Saturday, February 14, 2015
Pound foolish...
I was most certainly penny wise, but pound foolish.
Late last night on into today, I battled a migraine. I battled a migraine without my meds. At least I did until this afternoon. I battled without them because, having gained such good control of my migraines, I was not paying attention to the expiration date on the meds. And I have opted not to pick up the two prescriptions for a while.
At my last GP appointment, I did have refills sent over, but I chose not to pick them up this month. I have been so very excited at just how miserly I've been this month and even last. I have needed $509 to make up the missed estimate of my state taxes, and, before today's trip to the pharmacy, I had just over $300 of that.

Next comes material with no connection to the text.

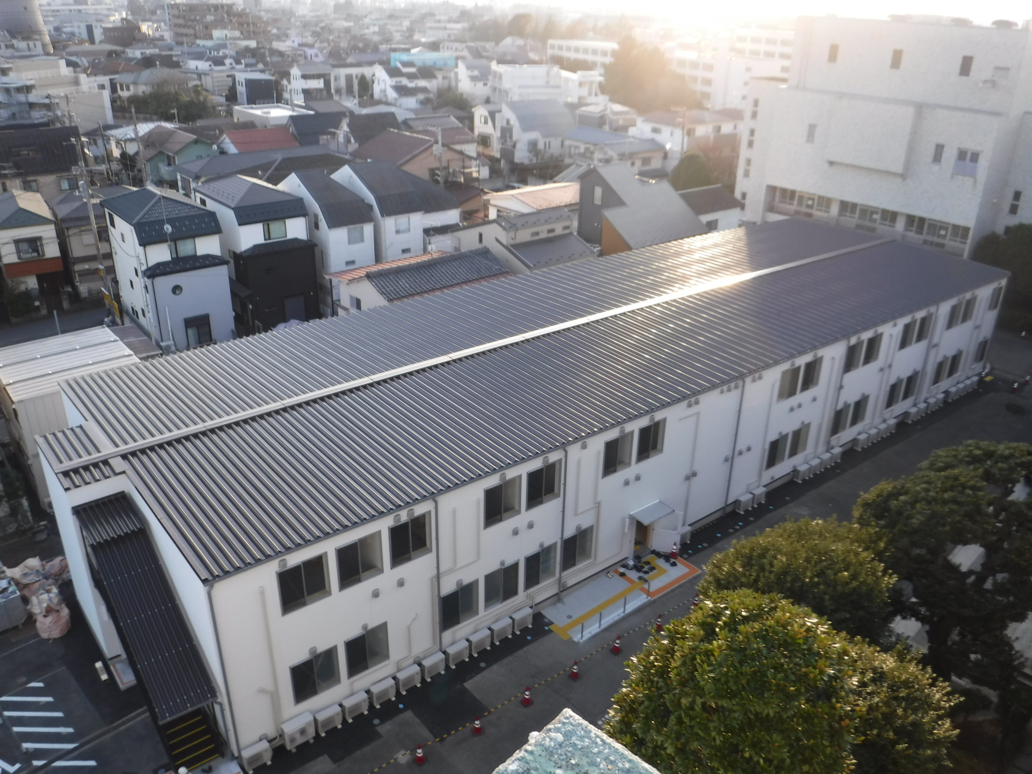 本館前広場の仮設校舎は竣工検査を迎えて,使用開始に向けて準備中です。
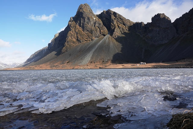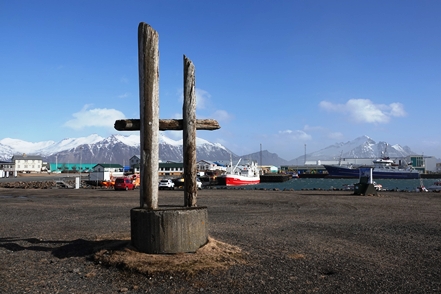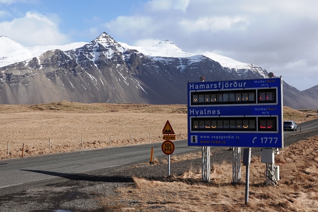 Wir fahren nach Höfn. Eine Infotafel an der 1 zeigt die Temperaturen und die Windgeschwindigkeiten (auf dem Foto leider nicht zu erkennen). 32 m/s, später sogar 36 sind schon heftig! In Höfn gibt es einen Netto-Supermarkt. Das Preisniveau ist wie erwartet leider genauso hoch wie in Egilsstaðir, aber das Angebot deutlich besser. Außerdem schauen wir uns im Ort ein wenig um, leider ohne längere Spaziergänge, da es dafür viel zu viel Wind hat. Wind sind wir ja durch unseren neuen Heimatwohnsitz durchaus gewohnt, aber das hier ist schon extrem.

For a while, I just didn't realize that I was getting a migraine. Then, I admit, I tried to will it away. After that, after full misery had set in, I gave myself a stern lecture and went to get my meds and turn off all light and sound. When I realized that the expiration date had come and long gone on my meds, I started kicking myself.

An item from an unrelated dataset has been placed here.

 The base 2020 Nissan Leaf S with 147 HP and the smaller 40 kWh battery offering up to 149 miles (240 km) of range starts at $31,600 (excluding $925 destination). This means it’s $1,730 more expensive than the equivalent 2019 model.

All I could do was huddle in misery with icepacks all over my head. I was, frankly, too afraid to call Target to get the refills, certain that the meds would need to be ordered. Kaitlyn, the wonder pharmacist, had actually already ordered one month's worth for me.

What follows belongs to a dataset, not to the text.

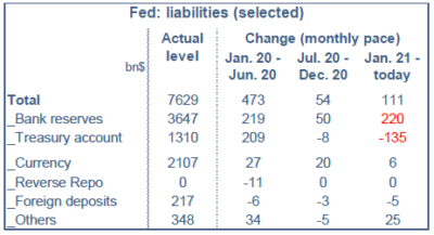 Le Trésor entend le réduire d’environ 8000Md$ d’ici la mi-année (graphe). Une baisse du TGA a pour effet de réduire les Treasury bills qui s’échangent et de gonfler mécaniquement les réserves excédentaires des banques (tableau). S’il y a trop de liquidités, le taux j.j. effectif (actuellement 0.07%) pourrait passer en territoire négatif, ce qui causerait toutes sortes de perturbations malvenues au secteur financier. De plus, à partir du 1er avril, le calcul du Supplementary Leverage Ratio (SLR) doit réintégrer les réserves excédentaires, mettant fin à une exemption mise en place dans l’urgence de la crise il y a un an. En retour, cela pourrait pousser les banques à ne pas augmenter leur bilan en freinant l’octroi de crédit. Pour éviter le gonflement des réserves excédentaires des banques, la Fed pourrait certes réduire ses achats d’actifs, mais en pratique, un tel tapering ne ferait qu’alimenter la volatilité. C’est donc exclu. Il y a heureusement d’autres moyens de s’assurer que la plomberie monétaire ne se bouche pas, tels que renouveler l’exemption sur le SLR ou relever le taux de rémunération des réserves excédentaires (IOER, actuellement 0.10%). La décision pourrait être prise dès mercredi.

I called around, futilely, to find someone pick up my prescriptions or drive me. Then I started calling to find someone to be on the phone with me. Mary showed mercy that way and vicariously rode to and fro with me. I vomited in the parking lot and fainted in the store, but I got home safely.
Most thankfully, the meds worked on the first dose, instead of the second.
I love Toradol and Summatriptan.
I love pain relief.
I had forgotten just how rotten I am dealing with the migraine pain. How very infantile I am in my thoughts and emotions, just wanting the pain to go away. More so than when innards writhing. Much, much, much more so.
Tonight, I am in the still-shocked-and-physically-fragile after state, where the migraine is over and the fear of a bounce back lingers. But I took a second shower and have heat on my neck and shoulders. I finally ate something. And I am sitting on the couch with Amos. Resting.
Poor little guy.
Just a while ago, he was whimpering and climbing all over the couch. I couldn't figure out what he wanted. Finally, he managed to climb beneath the blankets and curled up in my lap. Amos needed to make up for all the alone time he's had not being able to be draped atop me for almost 24 hours.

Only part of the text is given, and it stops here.